Three days later, Royster scored just four points, grabbed five rebounds and picked up three fouls in a four-point home loss to Minnesota. 

It was that type of inconsistency that shadowed over her shoulder during her four-year career at IU. 

As one of the more undersized post players in the Big Ten conference, Royster at times struggled to stay confident, and with every high, a low seemed to follow. 

“It was frustrating,” Royster said. 

She gives credit to Wierzba, who works with the post players, as one of the reasons she was able to stay positive through it all. 

Royster has a 6-foot-6-inch wingspan and is one of the team’s better lower-body lifters, so she began to notice how she could be effective on the defensive end against bigger players, becoming more active and not sitting behind the post.

“She started to figure out how to be successful,” Wierzba said. “Her defense continued to get more effective in that way.”

Her leadership also grew, but not in the loud sense that junior Brenna Wise brought to the table. Instead, Royster would bring players over to the side during practice and offer tips or speak during the game when the team would huddle up. 

Royster is quiet, to herself and doesn’t say much to the media when she sits at the table during press conferences.

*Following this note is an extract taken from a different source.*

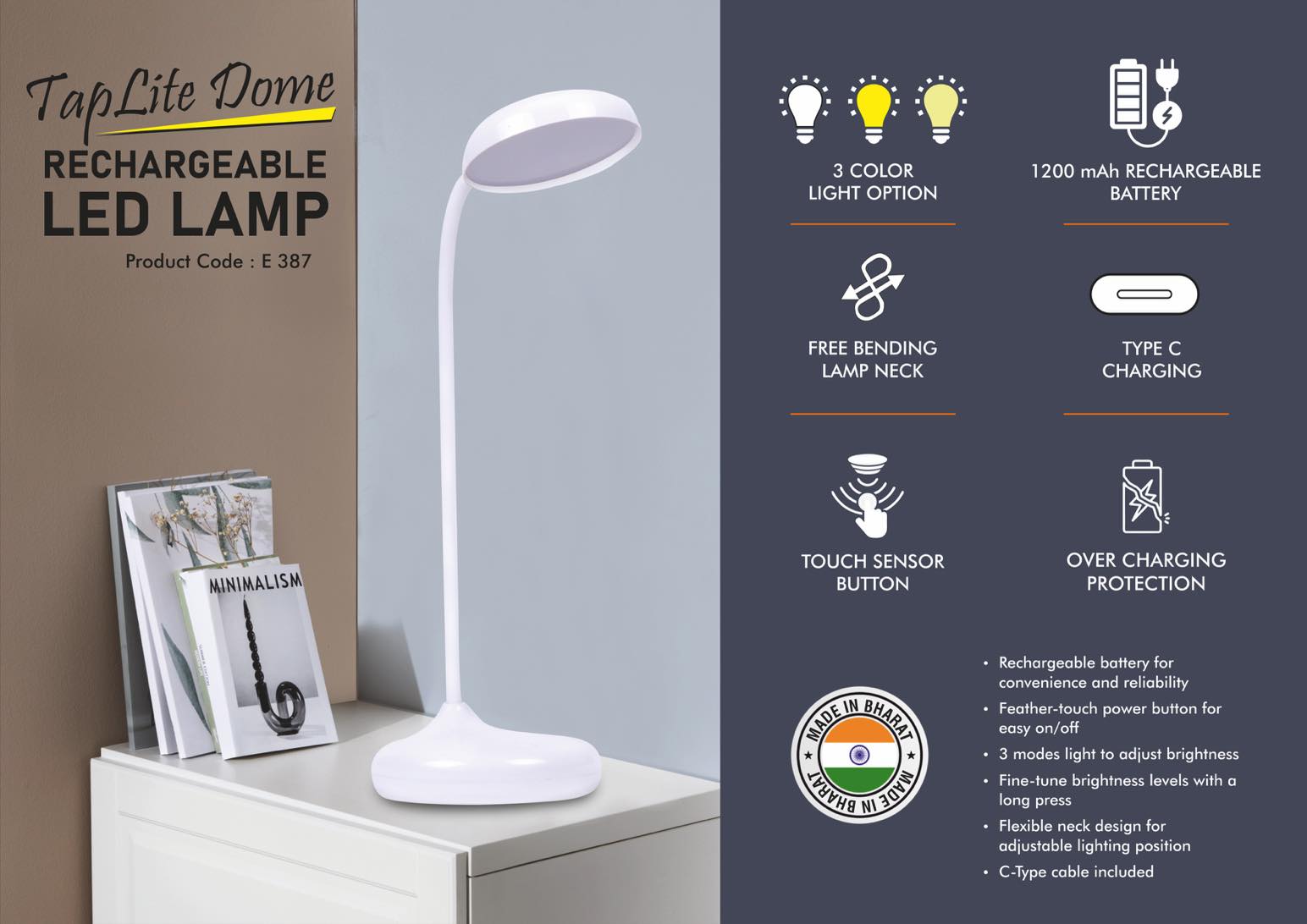 Add to Download BasketView BasketFind similar productsRechargeable Flexi table lamp with Mobile stand – 3 step dimmer control – Feather Touch button

But behind closed doors, when IU hit a low this season, losing six of seven games, Moren said Royster helped the team get through it. 

After two straight years of making the WNIT, Royster wanted to get back to the NCAA Tournament like she tasted her freshman year. 

On Selection Monday, the Hoosiers were named a No. 10 seed and went to Eugene, Oregon. IU won its first game in the tournament against Texas.

All the hype and noise surrounding the team once again wasn’t shown directly on Royster, but rather the new duo of Ali Patberg and Wise and the continued emergence of Penn and Yeaney. 

Royster, still that fifth starter, became the first IU player since 1995 to reach the NCAA Tournament two times in her career and the only player in program history to win two NCAA Tournament games. 

“It’s a great feeling, and it just speaks volume to where this program is heading,” Royster said. “I just know that Coach Moren is going to take this program to high success.”

Royster will graduate in May as the second person in her family to graduate college. She will leave Bloomington with 88 career wins, the most of all-time, and finished every season with 20 or more wins. 

“I just want people to remember my hard work,” Royster said. “Sometimes the things that I do may go under the radar.” 

Her favorite memory is traveling to Italy with the team in summer 2017, where it saw the Vatican and went on gondolas. Royster wants to pursue a career overseas after she graduates and has reached out to players like Cahill and Gassion, who are currently playing overseas, for advice. 

Royster will be the only player to play all four years under Moren since her arrival in 2014. She said she’s happy she made the decision to stay and now players like Penn, Yeaney, freshmen Grace Berger and Aleksa Gulbe will follow suit. 

“She was such a great example of what patience looks like,” Moren said. “She’s been a great representative of the kinds of kids we want in our program. She’s been about her team.”

***

The hug on Senior Day was more than just a goodbye, but also a thank you for becoming the first of many hard-working four-year players. Royster said she can’t thank Moren and the coaching staff enough, but also wouldn’t have been able to do without her teammates. 

“The relationships I have built with each of them are going to go a long way,” Royster said. “That’s one thing that makes me the saddest about leaving. We see each other as family.”

Her teammates could tell Royster got emotional after her 10-second embrace with Moren, so they all ran up into her and joined her in a big group hug. 

Her teammates posed beside her framed number 11 jersey for a picture. Her mom and company had still not made it into the stands — they would for the start of the game — but she was still surrounded by family.